- _Data extracted from a collection_:
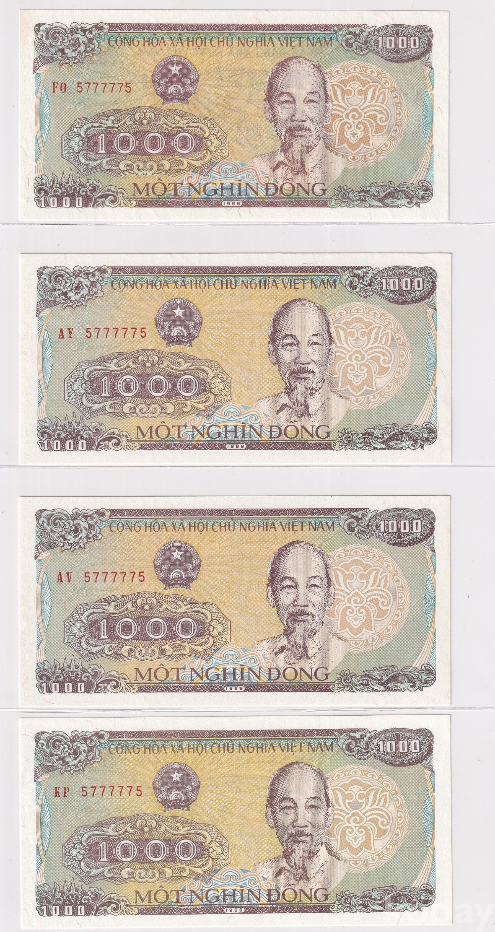 [베트남 지폐 특이번호 모음展] 1988년 1000동 5 77777 5 투 디지트 오봉 레이더 4쌍둥이
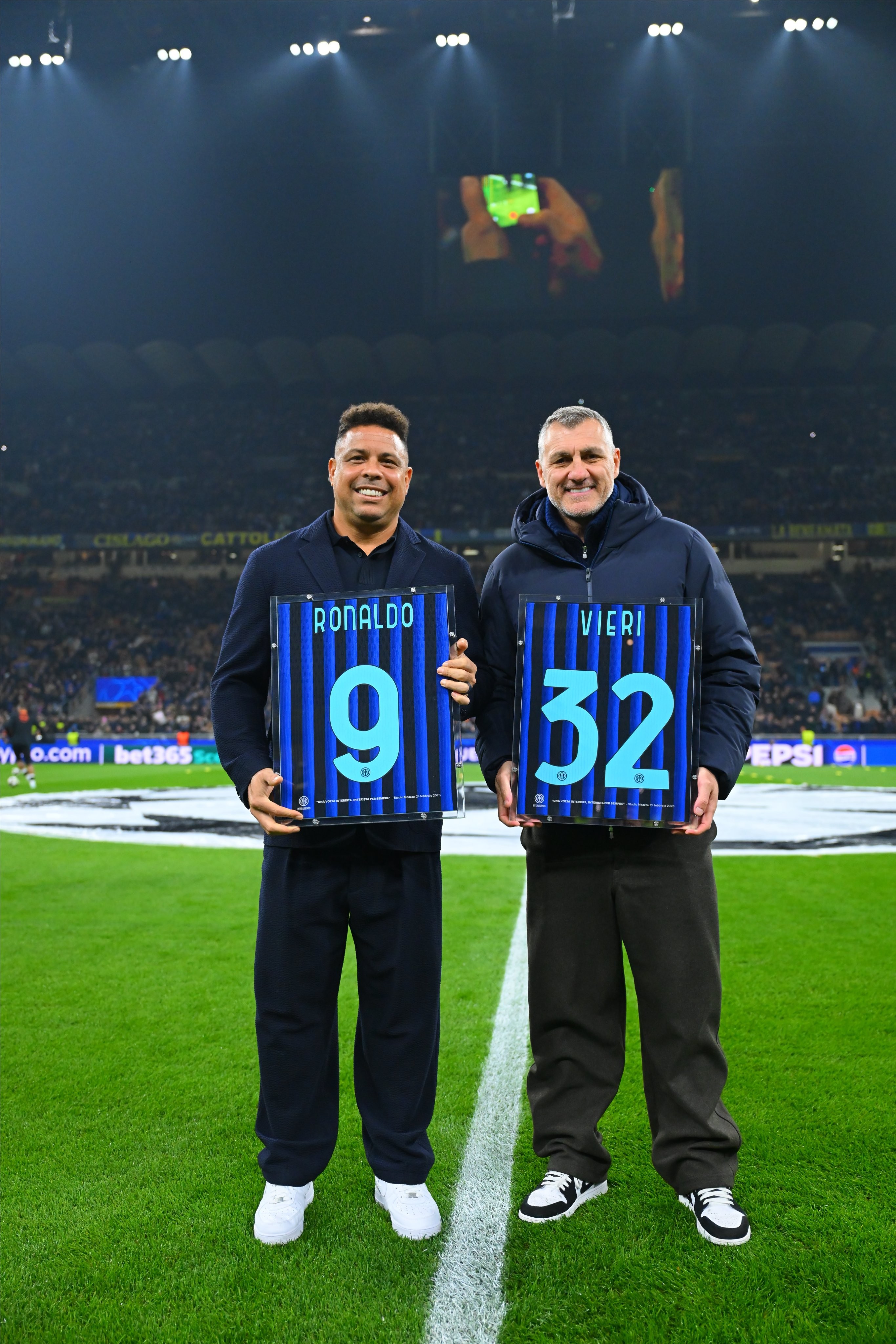 罗纳尔多曾在1997年至2002年期间效力于国米,维埃里则是在1999年至2005年期间身披蓝黑军团战袍。
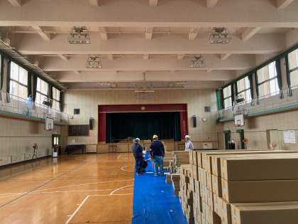 引き続きご迷惑おかけします。体育館の照明化改修工事で、本日より12日まで体育館を使用できません。
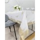 Złote wykończenie obrusu, czyli tzw. mankietem uszyty jest poprzez wywinięcie tkaniny.
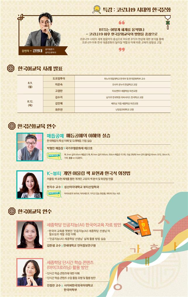둘째 날부터는 한국어, 한국 문화 교육에 대한 전문가* 특강이 이어진다. 8월 10일(화)에는 ‘매듭공예, 케이-미용(뷰티)’을 주제로 한국어 교육 현장에서 활용할 수 있는 한국 문화 교육 방안을 소개하고, 8월 11일(수)에는 ‘세종학당 인공지능 한국어 교육 자료 활용 방안’과 ‘세종학당 단시간 학습 콘텐츠 활용 방안’을 주제로 코로나19 이후 비대면 시대를 대비한 한국어 교실 운영 방향을 제시한다.
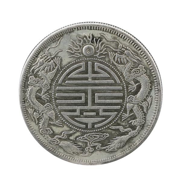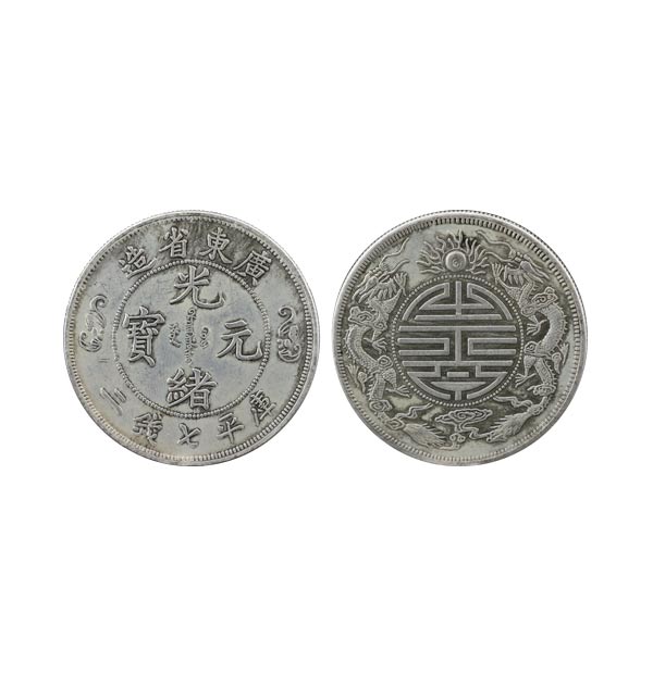 广东省造双龙寿字光绪元宝一枚,此币铸于光绪三十一年(1905)初,为纪念慈禧六十寿辰而铸。张炯伯在《广东省造银币》一文中写道:"惟本品因未纪年,殊难遽断,然观其图案,谐作福寿,环绕双龙,幕无英文,意含颂祝,大异常制。由此以推,成为纪念币之一种,专铸以祝慈禧太后六旬万寿者也。
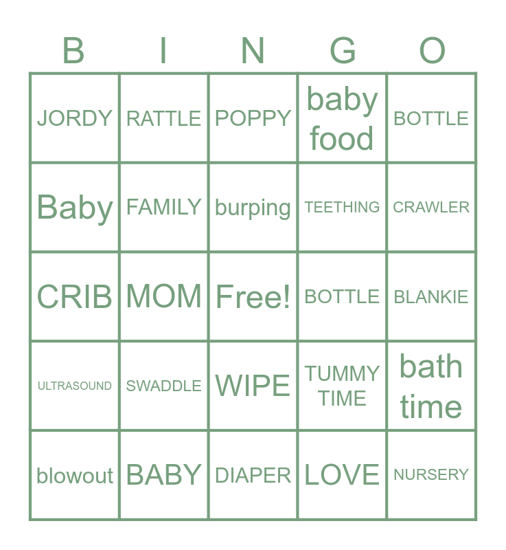 This bingo card has a free space and 30 words: BABY, DIAPER, MOM, DAD, JORDY, POPPY, FAMILY, WIPE, BOTTLE, DIAPER, BLANKIE, NURSERY, LOVE, NEWBORN, CRAWLER, WALKER, TUMMY TIME, ULTRASOUND, SWADDLE, BOTTLE, CRIB, PACIFIER, RATTLE, TEETHING, Baby, baby food, bath time, blowout, burping and colic.
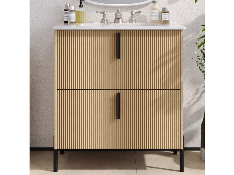 Designed to elevate modern bathrooms, this vanity features a clean silhouette with sleek black pulls and a handcrafted fluted finish for visual depth. The integrated ceramic sink resists stains and scratches while maintaining a glossy look and minimizing water splashes. Full-extension soft-close drawers offer ample storage space for all your essentials, combining convenience with quiet functionality. Thoughtfully crafted vertical grooves add artisanal charm and resist fingerprints for easy care. With user-friendly assembly and a timeless monochrome palette, this vanity blends style, function, and ease, perfect for contemporary spaces that value both form and performance.
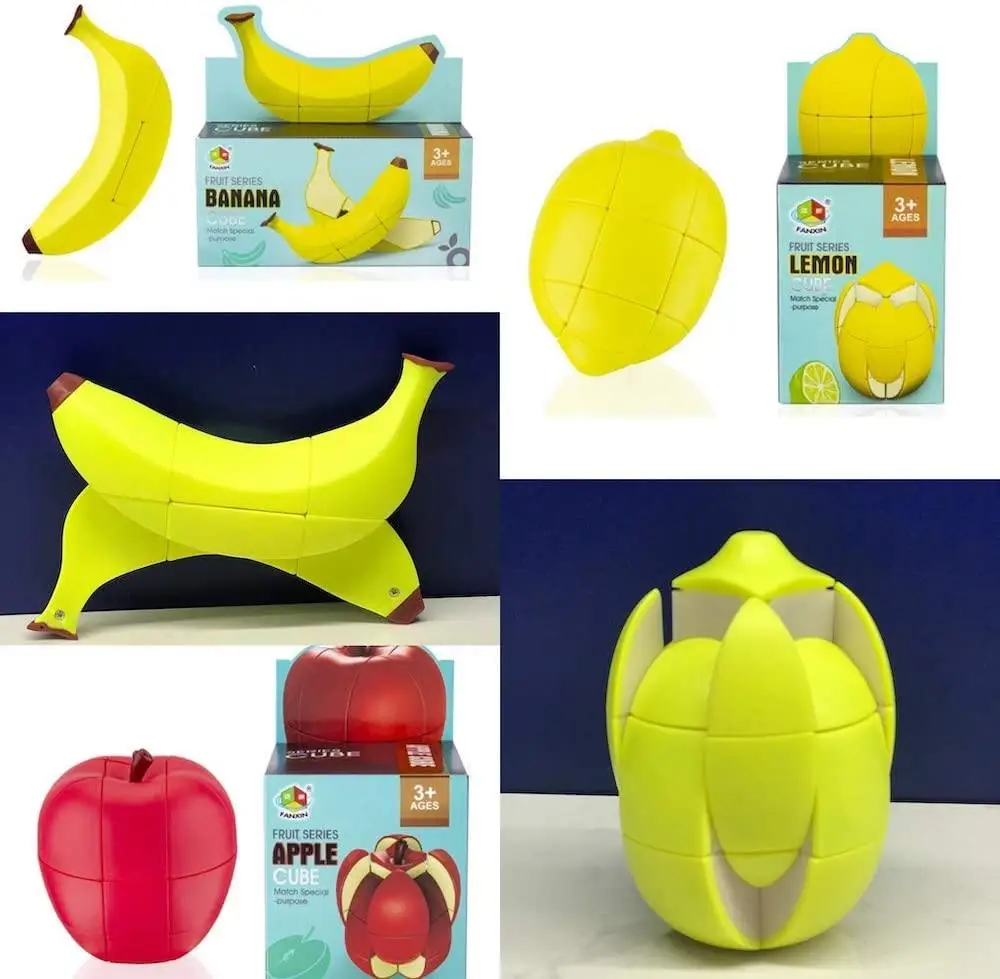 - Une Pomme 3x3x3 , un citron 3x3x3 et une banane 3x2x2.
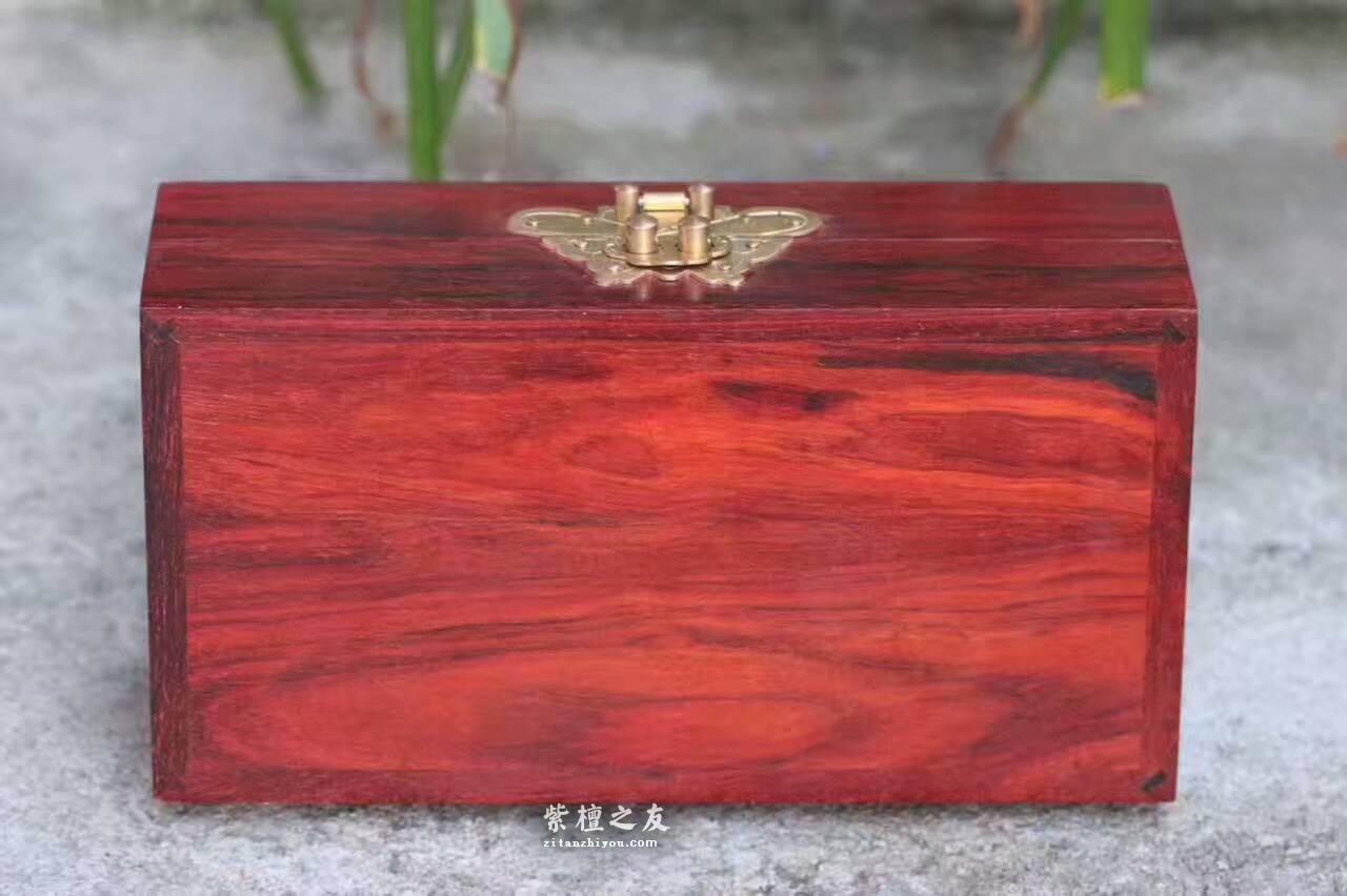 小叶紫檀--首饰盒,规格19.3/10.2/6.6,净重0.96斤,双拼面板,鸡血红材质,暗榫卯结构,性价比超高…..[详情]
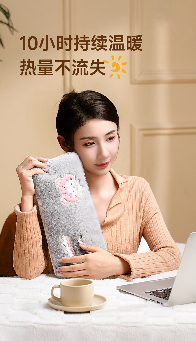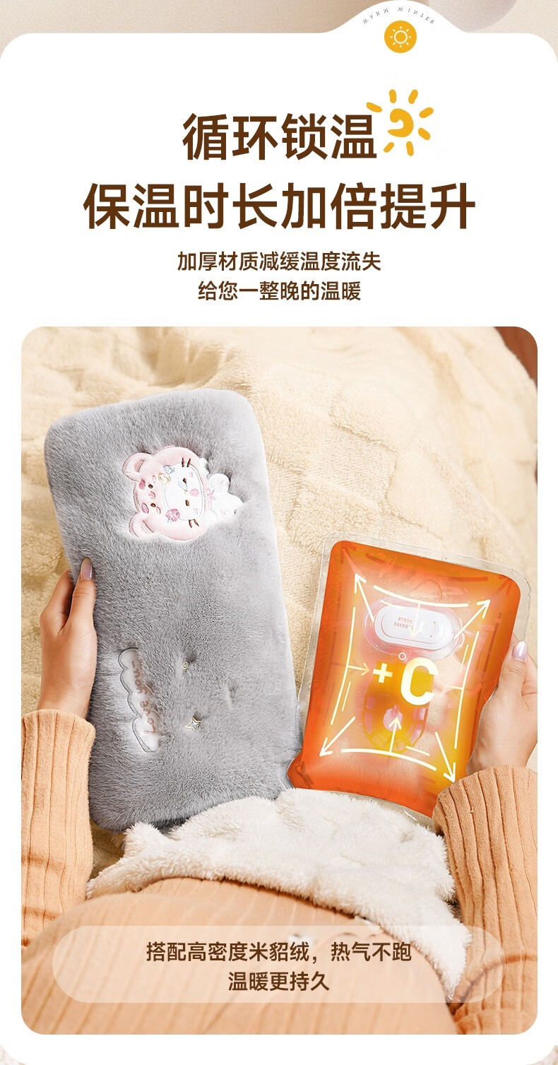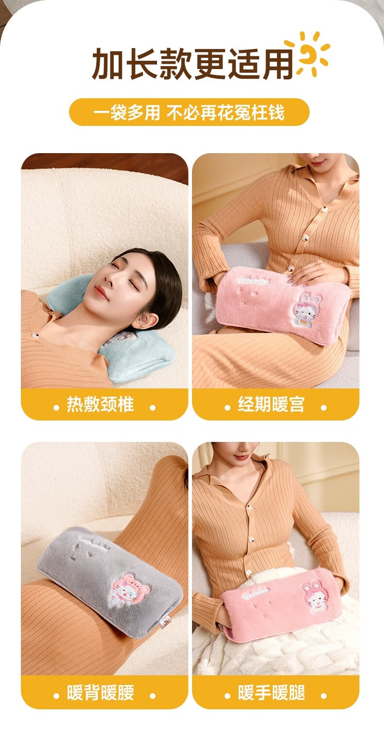 Rechargeable hot water bottle for quilt, extended warm water bottle for baby to warm body and feet, thickened and explosion-proof, 2026 random color, small yellow chicken, quality rabbit plush, water-injected version 500ml
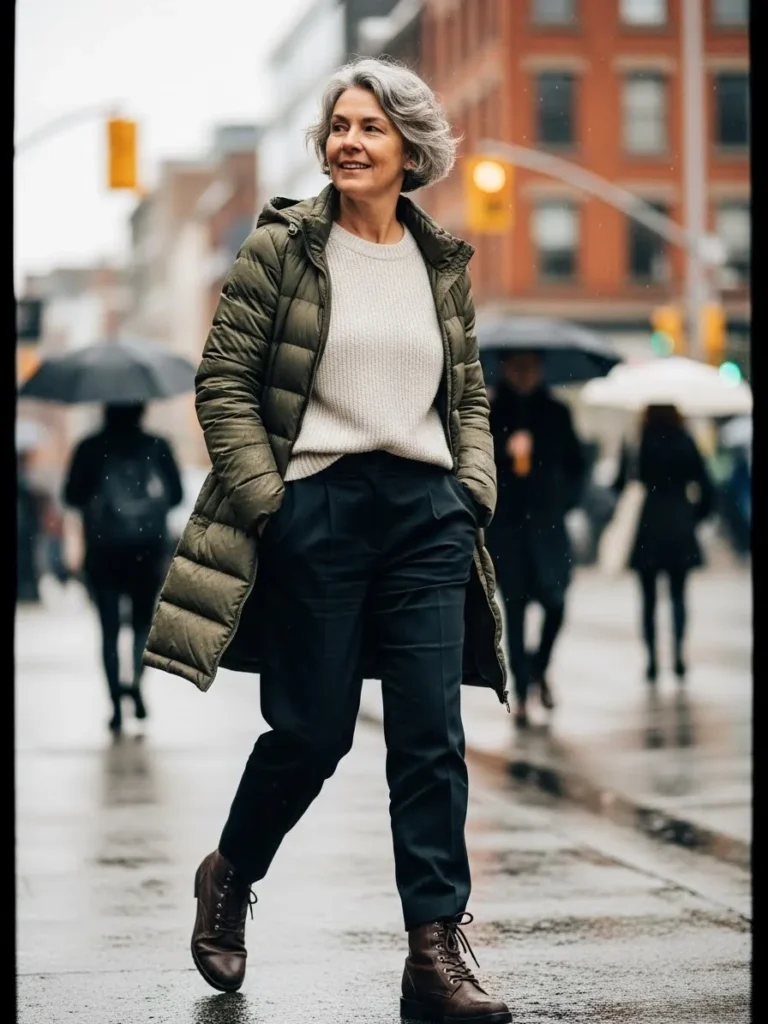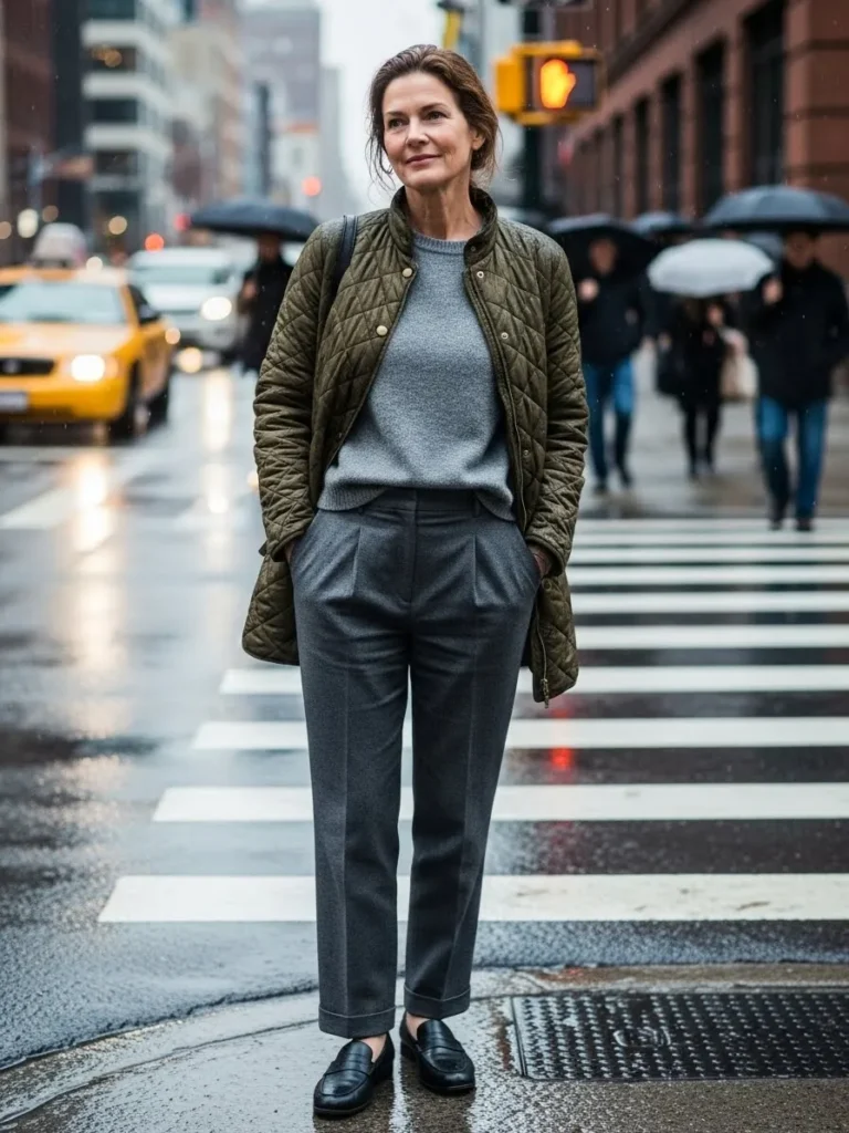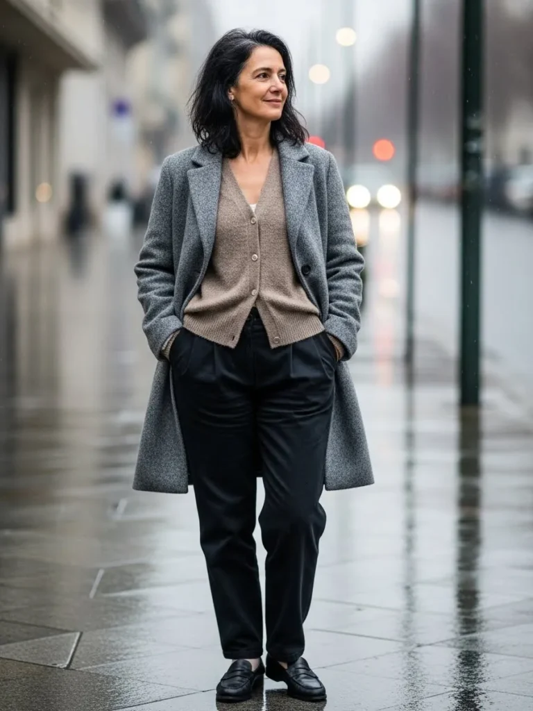 Muted tones make the outfit feel calm and confident, perfect for a rainy city stroll.
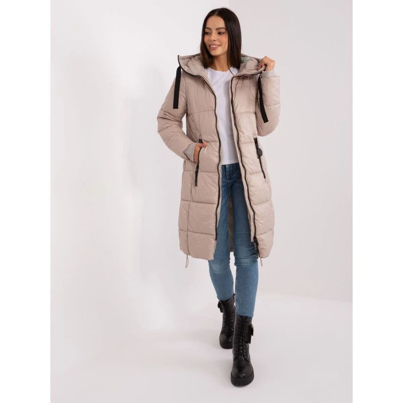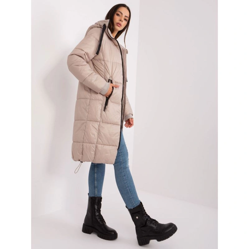 Dámská zimní bunda béžová prošívaná SUBLEVEL s délkou ke kolenům (D50048X44518B3)
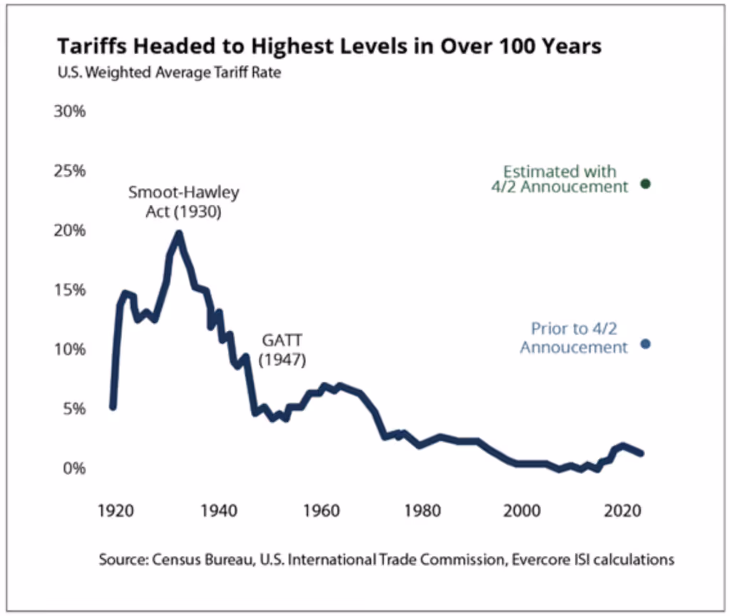 If the Trump administration’s tariff policy is fully enacted as proposed on April 2nd, the effective U.S. tariff rate is estimated to be around 25%, exceeding the levels of the Smoot-Hawley Act put in place nearly 100 years ago (see chart below). To further frame the severity of the proposed tariffs, research firm Strategas estimates the tariffs would generate around $620 billion in annual revenue (assuming no change in behavior) – nearly a $100 billion more than the U.S. Treasury received from corporate taxes last year.

- _ACTION ITEM_: Locate "Designed to elevate" in the entries above. Copy, exactly and only, the lines from that line to the end, leaving out the pictures.

- _SOLUTION TO THIS TASK_:
 Designed to elevate modern bathrooms, this vanity features a clean silhouette with sleek black pulls and a handcrafted fluted finish for visual depth. The integrated ceramic sink resists stains and scratches while maintaining a glossy look and minimizing water splashes. Full-extension soft-close drawers offer ample storage space for all your essentials, combining convenience with quiet functionality. Thoughtfully crafted vertical grooves add artisanal charm and resist fingerprints for easy care. With user-friendly assembly and a timeless monochrome palette, this vanity blends style, function, and ease, perfect for contemporary spaces that value both form and performance.
 - Une Pomme 3x3x3 , un citron 3x3x3 et une banane 3x2x2.
 小叶紫檀--首饰盒,规格19.3/10.2/6.6,净重0.96斤,双拼面板,鸡血红材质,暗榫卯结构,性价比超高…..[详情]
 Rechargeable hot water bottle for quilt, extended warm water bottle for baby to warm body and feet, thickened and explosion-proof, 2026 random color, small yellow chicken, quality rabbit plush, water-injected version 500ml
 Muted tones make the outfit feel calm and confident, perfect for a rainy city stroll.
 Dámská zimní bunda béžová prošívaná SUBLEVEL s délkou ke kolenům (D50048X44518B3)
 If the Trump administration’s tariff policy is fully enacted as proposed on April 2nd, the effective U.S. tariff rate is estimated to be around 25%, exceeding the levels of the Smoot-Hawley Act put in place nearly 100 years ago (see chart below). To further frame the severity of the proposed tariffs, research firm Strategas estimates the tariffs would generate around $620 billion in annual revenue (assuming no change in behavior) – nearly a $100 billion more than the U.S. Treasury received from corporate taxes last year.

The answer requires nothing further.